From the Daily Southtown:

Honest politician talks about political corruption

November 7, 2006
By Phil Kadner Daily Southtown columnist

On the eve of today's election I found myself thinking about incorruptible politicians.

Certainly, in the history of Illinois, there must have been one such person.

And then a name out of the past came to mind.

It turns out this fellow is associated with a story that has come to epitomize Chicago's patronage system.

As a young law student at the University of Chicago in the early 1950s, this man made his way over to the 8th Ward Democratic Headquarters on the city's South Side to volunteer his time.

"Who sent you?" the Democratic committeeman barked.

"Nobody," the young man replied.

"We don't want nobody, nobody sent," said the committeeman, adding that he didn't have any jobs available.

"I don't want a job," said the law school student.

"We don't want nobody who don't want a job," the committeeman replied.

Abner Mikva, the law school student, walked away from the Democratic machine that day. But he would eventually serve five terms in the state Legislature, five terms in the U.S. Congress and 16 years as a federal court judge, becoming chief of the U.S. Appellate Court for the District of Columbia, where he served with future Supreme Court Justices Clarence Thomas, Antonin Scalia and Ruth Bader Ginsburg.
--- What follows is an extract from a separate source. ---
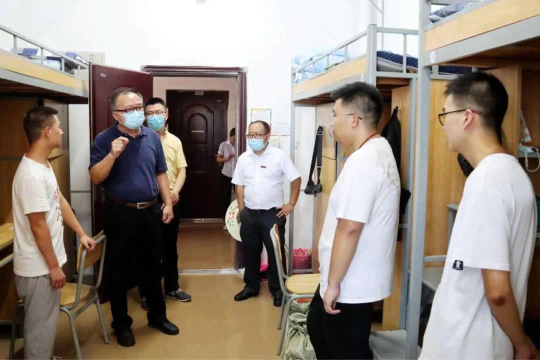 一大早,校领导及相关职能部门负责人早早来到迎新报到现场,看望前来报到的2021级新生,并慰问了现场的工作人员与志愿者。下午,校领导一行走访了新生宿舍,了解新生到校报到情况,勉励他们珍惜大学时光,直面一切挑战,在拼搏奋斗中书写人生新的华章。

He resigned his lifetime appointment to the bench in 1994 to become White House counsel to President Bill Clinton.

Today he is senior director and visiting professor at the Edwin Mendel Legal Aid Clinic at the University of Chicago.

A lifelong Democrat, Mikva earned a reputation for integrity and honesty that may be unsurpassed in Illinois politics.

So I figured he was a good guy to ask the following question: Is the political system corrupt, or do we elect corrupt people to public office?

"A little bit of both, I suspect," Mikva replied.

He said some people get into politics hoping to get rich, "plain old dollar bill corruption," Mikva called it.

Others end up corrupted by friends and colleagues seeking favors.

"Soon after I won my first election to the state Legislature, I received a call from a law school professor who wanted to know if I could take care of a parking ticket for him," Mikva recalled.

"I said, 'Sure, I can take care of it. I'll pay it for you, just the way I pay my own parking tickets.'

"The man said he didn't want me to do that, and that's the last I heard from him.

"But the public plays a role in encouraging corruption. If you don't want politicians to do favors for their friends, don't ask them for favors yourself.

"One of the other problems in Illinois is that we take a perverse pride in our history of corruption.

"We talk about Paul Powell (the former Illinois secretary of state) and his shoeboxes stuffed with cash and repeat stories about Chicago political corruption and end up glorifying the very corruption we claim to detest."

Mikva's story about the professor who wanted his ticket fixed reminded me of a story Gov. Rod Blagojevich recently shared.

He said after his election for governor, he could no longer make casual conversation with longtime friends about football or baseball because inevitably they would ask him for a political favor.

"I'm sure that's true," Mikva said. "The public wants honest government, but people do their share to corrupt their politicians.

"There are citizens who ask for favors and politicians who seek favors from their friends.

"As an elected official, I always believed that once someone did you a favor there would be a quid pro quo down the road."

Mikva said that voters also have a responsibility to "vote the bums out" whenever they believe politicians are behaving unethically.

I replied that many voters thought they were doing that when Rod Blagojevich ran as a reform candidate for governor four years ago.

"I must confess I'm not happy with the governor's reform record," Mikva said, quickly adding that he would vote to re-elect him today.

"I'm a Democrat, and I weigh his ethics record against all the good things he's done as governor and vote for him," Mikva said.

"But in general, other than Illinois Attorney General Lisa Madigan, we haven't seen anyone in state government elevate the issue of ethics in a way that has caught the attention of the Illinois electorate."

So what's a citizen to do in the current climate of corruption?

"I think it's important for voters to throw the bums out of office," Mikva said. "That's their civic duty.

"Back in 1974, there was a similar climate of political corruption, and that's what happened. An entirely new class of congressmen were sent to Washington to clean things up.

"These things are cyclical in American history. The government survives them."